Only the lines from the one containing "The Diza Round" through the one containing "стойки, мм 843-1403" should be printed, exactly as they appear below, with both ends included.

Segment Start: SUPPLIED MATERIAL

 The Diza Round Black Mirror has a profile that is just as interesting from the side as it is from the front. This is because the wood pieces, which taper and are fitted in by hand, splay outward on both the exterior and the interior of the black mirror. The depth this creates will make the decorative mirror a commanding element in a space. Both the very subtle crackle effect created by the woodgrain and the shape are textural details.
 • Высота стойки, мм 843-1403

Segment End: SUPPLIED MATERIAL
Segment Start: SUPPLIED MATERIAL

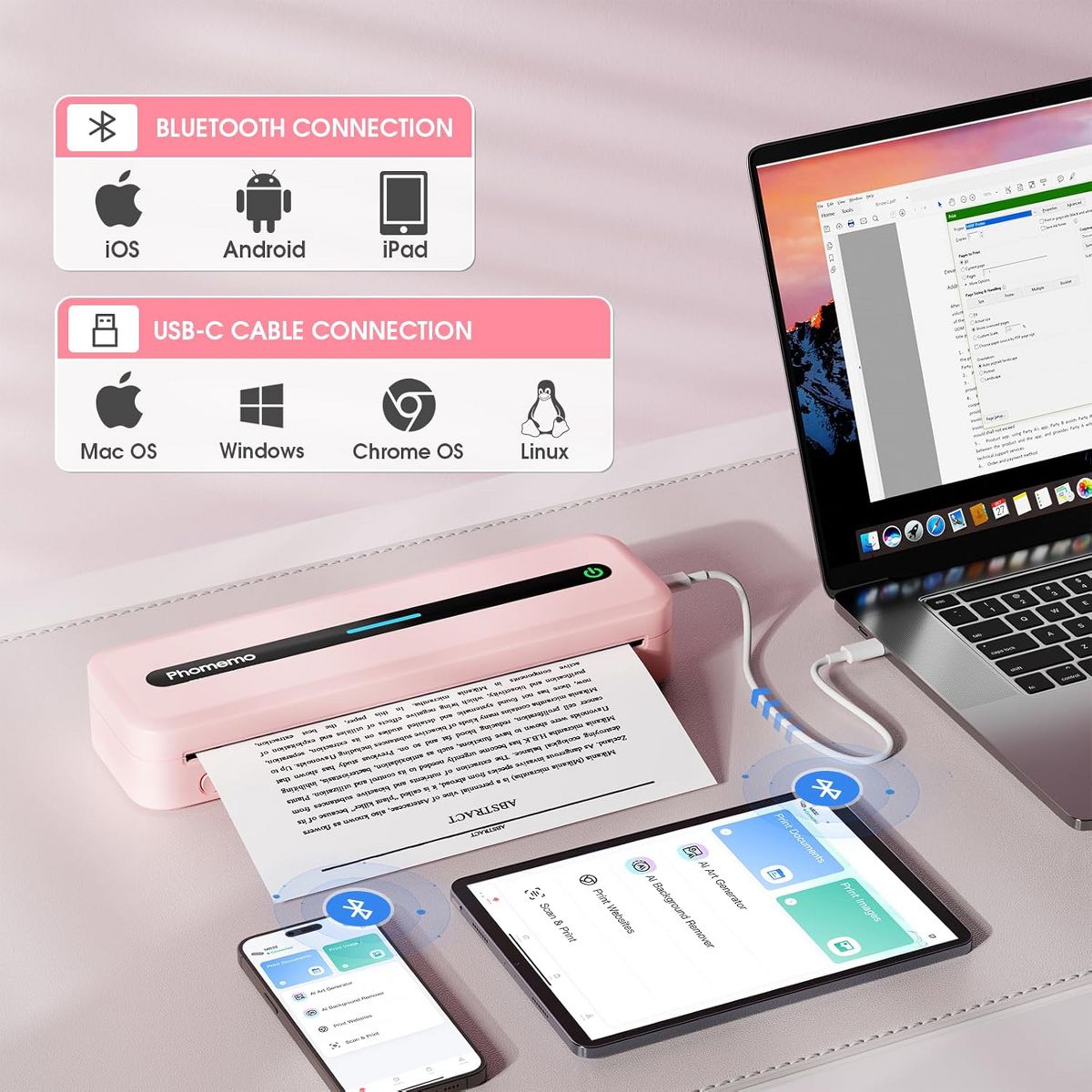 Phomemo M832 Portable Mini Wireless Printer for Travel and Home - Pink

Segment End: SUPPLIED MATERIAL

- ANSWER SPACE -
 The Diza Round Black Mirror has a profile that is just as interesting from the side as it is from the front. This is because the wood pieces, which taper and are fitted in by hand, splay outward on both the exterior and the interior of the black mirror. The depth this creates will make the decorative mirror a commanding element in a space. Both the very subtle crackle effect created by the woodgrain and the shape are textural details.
 • Высота стойки, мм 843-1403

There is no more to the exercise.